DNA Base-pairing Guides Homologous Recombination
The hallmark of homologous recombination is that it takes place only between DNA duplexes that have extensive regions of sequence similarity (homology). Not surprisingly, base-pairing underlies this requirement: before undergoing homologous recombination, two DNA helices will “sample” each other’s DNA sequence by testing the potential base-pairing between a single strand from one DNA duplex and a complementary single strand from the other. Recombination is initiated when a match is found; this match need not be perfect, but it must be very close for homologous recombination to succeed. As we shall see, the process is carefully controlled and guided by a group of specialized proteins.
Homologous Recombination Can Flawlessly Repair Double-Strand Breaks in DNA
Unlike the nonhomologous end joining discussed earlier, homologous recombination repairs double-strand breaks accurately, without any loss or alteration of nucleotides at the site of repair. For homologous recombination to do this repair job, the damaged DNA must first be brought into proximity with a homologous but undamaged DNA double helix, which can then serve as a template for repair. For this reason, homologous recombination often occurs after DNA replication, when the two daughter DNA molecules lie close together and one can serve as a template for repair of the other.
One of the simplest pathways through which homologous recombination can repair double-strand breaks is shown in Figure 5–47. In essence, the broken DNA duplex and the template duplex carry out a “strand dance” so that one of the damaged strands can use the complementary strand of the intact DNA duplex as a template for repair. Once the damaged and template DNA double helices are in proximity (as occurs, for example, after DNA replication), the ends of the broken DNA are chewed back, or “resected,” by specialized nucleases to produce overhanging, single-strand 3′ ends. The next step is strand exchange (also called strand invasion), during which one of the single-strand 3′ ends from the damaged DNA molecule searches the template duplex for homologous sequences through base-pairing. Once stable base-pairing is established (which completes the strand-exchange step), an accurate DNA polymerase extends the invading strand using the information provided by the undamaged template molecule, thus restoring one of the damaged DNA strands. The last steps—strand displacement, further repair synthesis, and ligation—restore the two original DNA double helices and complete the repair process, as illustrated.
Homologous recombination resembles other DNA repair reactions in that a DNA polymerase utilizes a pristine template to restore damaged DNA. However, instead of using the partner strand as a template, as occurs in most DNA repair pathways, homologous recombination makes use of a complementary strand from a separate DNA duplex. In the following sections, we discuss the steps of homologous recombination in more detail with an emphasis on the proteins that guide this remarkable process.

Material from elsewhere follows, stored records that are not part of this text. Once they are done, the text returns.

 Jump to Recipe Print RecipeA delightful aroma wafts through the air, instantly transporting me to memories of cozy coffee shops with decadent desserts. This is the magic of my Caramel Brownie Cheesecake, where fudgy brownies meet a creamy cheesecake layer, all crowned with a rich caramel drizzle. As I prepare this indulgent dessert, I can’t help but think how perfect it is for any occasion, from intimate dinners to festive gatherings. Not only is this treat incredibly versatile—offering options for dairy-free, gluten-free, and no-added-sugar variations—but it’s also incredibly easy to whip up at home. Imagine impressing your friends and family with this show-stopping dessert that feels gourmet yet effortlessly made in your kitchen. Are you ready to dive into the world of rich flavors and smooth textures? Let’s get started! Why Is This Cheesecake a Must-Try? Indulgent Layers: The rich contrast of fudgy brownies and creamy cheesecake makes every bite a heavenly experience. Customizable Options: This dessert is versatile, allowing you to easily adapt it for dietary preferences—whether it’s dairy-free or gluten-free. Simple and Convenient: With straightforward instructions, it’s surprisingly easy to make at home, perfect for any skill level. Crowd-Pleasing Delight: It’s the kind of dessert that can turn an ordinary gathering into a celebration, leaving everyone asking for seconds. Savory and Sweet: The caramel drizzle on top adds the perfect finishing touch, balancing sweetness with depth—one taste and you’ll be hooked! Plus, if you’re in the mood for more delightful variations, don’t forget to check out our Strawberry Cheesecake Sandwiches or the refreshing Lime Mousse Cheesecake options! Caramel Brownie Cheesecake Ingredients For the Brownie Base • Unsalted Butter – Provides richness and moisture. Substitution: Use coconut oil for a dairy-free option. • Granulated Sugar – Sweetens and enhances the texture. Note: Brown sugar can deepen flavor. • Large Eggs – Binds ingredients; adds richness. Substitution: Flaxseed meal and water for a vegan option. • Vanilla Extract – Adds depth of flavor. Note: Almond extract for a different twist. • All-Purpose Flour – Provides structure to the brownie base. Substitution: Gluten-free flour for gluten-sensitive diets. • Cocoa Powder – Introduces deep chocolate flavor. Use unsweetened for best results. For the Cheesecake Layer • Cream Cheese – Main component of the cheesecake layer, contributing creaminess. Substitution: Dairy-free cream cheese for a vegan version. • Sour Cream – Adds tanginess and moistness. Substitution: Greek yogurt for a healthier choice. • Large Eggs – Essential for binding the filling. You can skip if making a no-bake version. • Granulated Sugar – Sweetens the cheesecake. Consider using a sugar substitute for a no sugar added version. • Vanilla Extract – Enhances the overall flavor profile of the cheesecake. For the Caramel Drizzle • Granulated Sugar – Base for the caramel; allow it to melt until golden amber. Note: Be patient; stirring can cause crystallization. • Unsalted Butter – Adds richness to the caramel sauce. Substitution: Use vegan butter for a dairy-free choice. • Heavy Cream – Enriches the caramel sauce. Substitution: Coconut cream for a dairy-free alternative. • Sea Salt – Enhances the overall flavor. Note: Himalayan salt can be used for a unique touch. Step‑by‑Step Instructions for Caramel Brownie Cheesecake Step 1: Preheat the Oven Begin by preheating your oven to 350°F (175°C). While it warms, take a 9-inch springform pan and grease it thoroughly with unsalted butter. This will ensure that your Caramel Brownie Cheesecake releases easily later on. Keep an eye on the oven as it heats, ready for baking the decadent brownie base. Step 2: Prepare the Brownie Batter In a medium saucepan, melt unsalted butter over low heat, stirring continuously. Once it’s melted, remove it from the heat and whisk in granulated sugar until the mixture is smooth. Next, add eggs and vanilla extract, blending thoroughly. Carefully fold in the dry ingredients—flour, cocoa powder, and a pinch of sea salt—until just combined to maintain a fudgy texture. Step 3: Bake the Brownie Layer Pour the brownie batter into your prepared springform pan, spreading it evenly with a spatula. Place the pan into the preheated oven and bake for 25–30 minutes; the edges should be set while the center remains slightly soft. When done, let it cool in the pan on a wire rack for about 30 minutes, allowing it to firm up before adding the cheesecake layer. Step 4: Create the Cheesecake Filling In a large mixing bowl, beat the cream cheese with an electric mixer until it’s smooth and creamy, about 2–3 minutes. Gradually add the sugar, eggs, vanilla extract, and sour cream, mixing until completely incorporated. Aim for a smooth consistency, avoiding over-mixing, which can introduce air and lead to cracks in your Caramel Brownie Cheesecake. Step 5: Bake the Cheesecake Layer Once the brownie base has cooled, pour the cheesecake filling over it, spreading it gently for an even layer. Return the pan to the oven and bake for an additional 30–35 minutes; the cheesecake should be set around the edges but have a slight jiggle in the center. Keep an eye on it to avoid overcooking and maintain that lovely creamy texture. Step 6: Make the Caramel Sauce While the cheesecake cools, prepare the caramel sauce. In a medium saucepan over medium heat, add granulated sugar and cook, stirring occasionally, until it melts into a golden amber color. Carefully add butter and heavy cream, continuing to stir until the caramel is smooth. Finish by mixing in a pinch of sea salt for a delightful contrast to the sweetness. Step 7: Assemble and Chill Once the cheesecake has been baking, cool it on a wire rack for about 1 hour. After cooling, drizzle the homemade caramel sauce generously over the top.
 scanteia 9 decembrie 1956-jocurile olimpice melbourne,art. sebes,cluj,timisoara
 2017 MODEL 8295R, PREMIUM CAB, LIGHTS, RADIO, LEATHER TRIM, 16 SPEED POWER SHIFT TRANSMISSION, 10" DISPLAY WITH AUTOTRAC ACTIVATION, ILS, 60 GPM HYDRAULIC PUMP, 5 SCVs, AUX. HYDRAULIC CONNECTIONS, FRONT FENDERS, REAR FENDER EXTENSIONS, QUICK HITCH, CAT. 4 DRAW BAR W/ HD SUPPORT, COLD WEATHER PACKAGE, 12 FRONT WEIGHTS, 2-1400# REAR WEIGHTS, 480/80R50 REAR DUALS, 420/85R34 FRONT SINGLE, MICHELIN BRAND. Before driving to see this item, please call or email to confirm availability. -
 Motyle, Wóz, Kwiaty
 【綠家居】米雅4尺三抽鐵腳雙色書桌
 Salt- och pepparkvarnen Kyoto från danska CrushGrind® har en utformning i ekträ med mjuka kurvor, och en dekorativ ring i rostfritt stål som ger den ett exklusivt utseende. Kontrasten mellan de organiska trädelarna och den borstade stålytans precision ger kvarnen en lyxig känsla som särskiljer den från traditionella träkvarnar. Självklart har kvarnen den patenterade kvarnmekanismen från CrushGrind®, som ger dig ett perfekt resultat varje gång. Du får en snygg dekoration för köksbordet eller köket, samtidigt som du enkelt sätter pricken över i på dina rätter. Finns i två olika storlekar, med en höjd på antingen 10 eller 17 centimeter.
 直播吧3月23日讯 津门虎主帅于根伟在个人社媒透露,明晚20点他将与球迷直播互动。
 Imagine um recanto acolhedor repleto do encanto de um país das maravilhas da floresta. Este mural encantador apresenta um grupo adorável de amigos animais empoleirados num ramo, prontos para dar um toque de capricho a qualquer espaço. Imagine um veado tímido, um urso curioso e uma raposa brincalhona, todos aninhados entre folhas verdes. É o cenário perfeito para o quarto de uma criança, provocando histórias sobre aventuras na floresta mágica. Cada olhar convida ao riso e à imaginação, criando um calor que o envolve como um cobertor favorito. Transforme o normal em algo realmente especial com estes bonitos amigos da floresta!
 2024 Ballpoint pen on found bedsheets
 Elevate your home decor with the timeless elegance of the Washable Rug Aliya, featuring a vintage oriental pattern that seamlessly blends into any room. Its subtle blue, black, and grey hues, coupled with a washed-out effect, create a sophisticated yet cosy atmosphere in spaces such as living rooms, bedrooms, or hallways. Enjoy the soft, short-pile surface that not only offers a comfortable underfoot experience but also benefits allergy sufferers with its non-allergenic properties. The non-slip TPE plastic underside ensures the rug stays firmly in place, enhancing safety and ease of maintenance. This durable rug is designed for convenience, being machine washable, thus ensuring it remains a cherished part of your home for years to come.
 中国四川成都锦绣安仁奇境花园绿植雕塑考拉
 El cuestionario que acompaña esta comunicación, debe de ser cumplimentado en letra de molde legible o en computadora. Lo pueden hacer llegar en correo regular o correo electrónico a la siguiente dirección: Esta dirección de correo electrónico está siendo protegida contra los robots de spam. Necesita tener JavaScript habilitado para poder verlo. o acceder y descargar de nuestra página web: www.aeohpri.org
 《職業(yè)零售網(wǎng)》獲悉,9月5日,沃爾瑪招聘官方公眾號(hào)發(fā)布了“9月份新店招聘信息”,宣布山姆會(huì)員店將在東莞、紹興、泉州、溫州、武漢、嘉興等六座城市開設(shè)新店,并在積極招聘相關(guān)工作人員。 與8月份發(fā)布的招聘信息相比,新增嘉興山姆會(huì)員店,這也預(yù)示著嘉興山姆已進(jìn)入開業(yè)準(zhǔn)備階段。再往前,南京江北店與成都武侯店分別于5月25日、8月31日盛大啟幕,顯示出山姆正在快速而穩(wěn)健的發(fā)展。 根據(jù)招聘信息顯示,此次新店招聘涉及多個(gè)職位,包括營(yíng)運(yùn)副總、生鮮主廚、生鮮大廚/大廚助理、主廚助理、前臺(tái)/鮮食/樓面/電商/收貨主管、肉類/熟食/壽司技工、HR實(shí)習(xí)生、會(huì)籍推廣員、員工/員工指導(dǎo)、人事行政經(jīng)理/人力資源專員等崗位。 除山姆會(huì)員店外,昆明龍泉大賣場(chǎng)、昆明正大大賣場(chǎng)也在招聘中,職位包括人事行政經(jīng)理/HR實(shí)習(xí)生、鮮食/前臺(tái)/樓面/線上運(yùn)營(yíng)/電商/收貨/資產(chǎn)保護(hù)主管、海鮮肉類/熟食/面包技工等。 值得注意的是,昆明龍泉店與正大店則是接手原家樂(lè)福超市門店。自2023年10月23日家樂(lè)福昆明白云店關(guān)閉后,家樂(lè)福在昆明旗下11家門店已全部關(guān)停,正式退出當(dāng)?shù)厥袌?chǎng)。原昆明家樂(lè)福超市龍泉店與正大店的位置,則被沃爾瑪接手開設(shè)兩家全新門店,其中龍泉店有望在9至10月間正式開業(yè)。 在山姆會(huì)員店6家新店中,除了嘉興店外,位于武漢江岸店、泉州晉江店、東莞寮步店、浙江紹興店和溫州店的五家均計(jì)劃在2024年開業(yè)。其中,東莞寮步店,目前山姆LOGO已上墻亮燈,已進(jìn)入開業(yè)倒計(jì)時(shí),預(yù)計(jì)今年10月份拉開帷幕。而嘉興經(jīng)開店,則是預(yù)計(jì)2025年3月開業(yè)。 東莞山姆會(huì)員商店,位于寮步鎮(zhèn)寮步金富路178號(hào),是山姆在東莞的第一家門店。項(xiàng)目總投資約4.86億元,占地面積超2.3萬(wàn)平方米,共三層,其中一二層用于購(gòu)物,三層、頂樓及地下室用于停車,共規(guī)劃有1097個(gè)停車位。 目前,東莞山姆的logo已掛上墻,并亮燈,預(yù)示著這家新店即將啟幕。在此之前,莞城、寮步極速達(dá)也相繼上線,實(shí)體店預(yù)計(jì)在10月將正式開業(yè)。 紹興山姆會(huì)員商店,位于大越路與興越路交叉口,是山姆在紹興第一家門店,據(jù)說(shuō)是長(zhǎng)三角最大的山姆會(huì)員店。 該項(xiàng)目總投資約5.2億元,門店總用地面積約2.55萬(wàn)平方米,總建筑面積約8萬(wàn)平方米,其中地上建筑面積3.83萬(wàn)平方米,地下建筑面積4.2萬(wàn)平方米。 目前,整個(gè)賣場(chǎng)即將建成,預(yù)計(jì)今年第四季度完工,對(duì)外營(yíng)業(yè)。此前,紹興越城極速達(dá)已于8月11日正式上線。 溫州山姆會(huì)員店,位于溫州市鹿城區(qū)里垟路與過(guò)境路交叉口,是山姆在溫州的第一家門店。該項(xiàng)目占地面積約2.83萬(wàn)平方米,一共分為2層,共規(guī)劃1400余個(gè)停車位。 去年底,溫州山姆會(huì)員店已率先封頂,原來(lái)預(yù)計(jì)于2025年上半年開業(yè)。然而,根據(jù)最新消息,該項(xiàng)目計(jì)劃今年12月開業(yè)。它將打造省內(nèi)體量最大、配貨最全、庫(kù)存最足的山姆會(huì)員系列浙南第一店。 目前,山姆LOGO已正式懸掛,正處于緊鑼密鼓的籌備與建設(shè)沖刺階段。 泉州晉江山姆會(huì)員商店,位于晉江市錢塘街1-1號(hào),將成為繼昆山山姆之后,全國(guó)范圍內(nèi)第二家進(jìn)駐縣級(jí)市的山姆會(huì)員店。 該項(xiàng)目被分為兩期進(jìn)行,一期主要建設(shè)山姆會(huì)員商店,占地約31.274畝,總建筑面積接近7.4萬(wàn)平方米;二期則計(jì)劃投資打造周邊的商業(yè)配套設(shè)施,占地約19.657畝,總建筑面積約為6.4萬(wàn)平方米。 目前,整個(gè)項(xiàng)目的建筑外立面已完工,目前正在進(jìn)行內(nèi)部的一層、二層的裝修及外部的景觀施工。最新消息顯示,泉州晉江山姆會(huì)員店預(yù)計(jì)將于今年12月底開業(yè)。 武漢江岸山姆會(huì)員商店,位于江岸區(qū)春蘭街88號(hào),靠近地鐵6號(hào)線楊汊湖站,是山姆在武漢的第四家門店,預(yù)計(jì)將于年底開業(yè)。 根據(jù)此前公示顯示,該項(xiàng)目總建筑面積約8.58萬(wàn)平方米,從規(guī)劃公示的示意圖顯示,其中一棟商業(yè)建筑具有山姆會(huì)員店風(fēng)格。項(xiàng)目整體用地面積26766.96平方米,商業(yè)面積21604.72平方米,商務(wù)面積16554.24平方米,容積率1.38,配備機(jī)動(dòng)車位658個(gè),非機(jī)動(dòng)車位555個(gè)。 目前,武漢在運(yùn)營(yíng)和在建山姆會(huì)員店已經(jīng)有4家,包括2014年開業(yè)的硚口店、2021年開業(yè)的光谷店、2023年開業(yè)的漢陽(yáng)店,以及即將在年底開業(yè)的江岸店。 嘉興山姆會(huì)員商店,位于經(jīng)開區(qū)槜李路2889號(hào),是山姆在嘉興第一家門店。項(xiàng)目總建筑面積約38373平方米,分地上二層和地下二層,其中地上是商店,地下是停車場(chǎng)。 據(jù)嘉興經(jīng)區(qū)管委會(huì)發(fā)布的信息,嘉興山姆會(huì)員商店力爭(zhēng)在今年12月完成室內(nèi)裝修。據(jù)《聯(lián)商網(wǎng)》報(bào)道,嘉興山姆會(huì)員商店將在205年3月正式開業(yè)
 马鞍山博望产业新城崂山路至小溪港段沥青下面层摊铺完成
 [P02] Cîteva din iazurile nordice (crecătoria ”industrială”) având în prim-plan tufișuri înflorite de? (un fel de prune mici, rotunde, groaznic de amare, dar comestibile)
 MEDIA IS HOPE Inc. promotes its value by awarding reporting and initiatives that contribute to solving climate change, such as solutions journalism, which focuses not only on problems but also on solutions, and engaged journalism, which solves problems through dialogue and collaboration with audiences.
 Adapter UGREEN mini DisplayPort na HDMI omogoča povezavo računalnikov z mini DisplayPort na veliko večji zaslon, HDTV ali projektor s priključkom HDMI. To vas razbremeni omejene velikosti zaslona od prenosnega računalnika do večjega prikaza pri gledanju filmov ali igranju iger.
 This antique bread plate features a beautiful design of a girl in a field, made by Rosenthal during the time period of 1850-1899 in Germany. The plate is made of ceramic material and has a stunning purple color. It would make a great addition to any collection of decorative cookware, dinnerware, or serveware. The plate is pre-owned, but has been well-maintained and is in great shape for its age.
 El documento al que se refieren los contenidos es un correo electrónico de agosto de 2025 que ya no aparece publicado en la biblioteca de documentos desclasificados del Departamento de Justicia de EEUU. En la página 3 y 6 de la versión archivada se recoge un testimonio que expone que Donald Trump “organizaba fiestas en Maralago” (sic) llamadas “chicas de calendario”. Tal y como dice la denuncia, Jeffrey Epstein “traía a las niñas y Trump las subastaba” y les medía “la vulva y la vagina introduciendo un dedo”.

Specialized Processing of Double-Strand Breaks Commits Repair to Homologous Recombination
Once a double-strand break occurs, nonhomologous end joining and homologous recombination compete to repair the damage. But the specialized nuclease that resects DNA ends to begin homologous recombination becomes highly active during S and G2 (through its phosphorylation by cell-cycle-controlled kinases), and homologous recombination usually wins out at these times, allowing use of a newly replicated daughter DNA molecule as a template. The initiating nuclease (called the Mre11 complex in eukaryotes) chews back in the 5′→3′ direction leaving protruding 3′ ends on either side of the break that can be as long as several thousand nucleotides. Single-strand binding protein (the same one used at replication forks) then coats the exposed single strands, protecting them from other nucleases in the cell and ensuring that they remain free of intramolecular base-pairing. The formation of these protruding ends prevents nonhomologous end joining from occurring, and it commits the repair pathway to homologous recombination.
Strand Exchange Is Directed by the RecA/Rad51 Protein
Of all the steps of homologous recombination, strand invasion is the most difficult to imagine. How does the invading single strand rapidly sample a DNA duplex for a complementary sequence? Once the homology is found, how is the structure stabilized? And how is the inherent stability of the template double helix overcome to allow tests for base-pairing during this process?
The answers to these questions came from biochemical and structural studies of the main protein that carries out this feat, called RecA in E. coli and Rad51 in virtually all eukaryotic organisms. A special group of accessory proteins loads a set of RecA/Rad51 monomers onto a protruding DNA single strand (such as that in Figure 5-47), forming a cooperatively bound filament that displaces the single-strand binding protein originally present. This orderly loading process produces a protein–DNA filament in which the DNA is held by RecA/Rad51 in an unusual conformation: groups of three consecutive nucleotides are positioned as though they were in a conventional DNA double helix, but, between adjacent triplets, the DNA backbone is untwisted and stretched out (Figure 5–48). This unusual protein–DNA structure then grasps a nearby duplex DNA molecule in a way that stretches it, destabilizing it and making it easy to pull the strands apart. The invading single strand then can sample the sequence of the duplex by conventional base-pairing to one of its strands. This sampling occurs in triplet nucleotide blocks, each of which is already in a “base-pair ready” conformation in the invading strand; when a good triplet match occurs, only then is the adjacent triplet sampled, and so on. In this way, mismatches very quickly cause dissociation, so that millions of possible pairings can be tested. Only an extended stretch of base-pairing (at least 15 nucleotides) can stabilize the invading strand, leading to the next steps in homologous recombination.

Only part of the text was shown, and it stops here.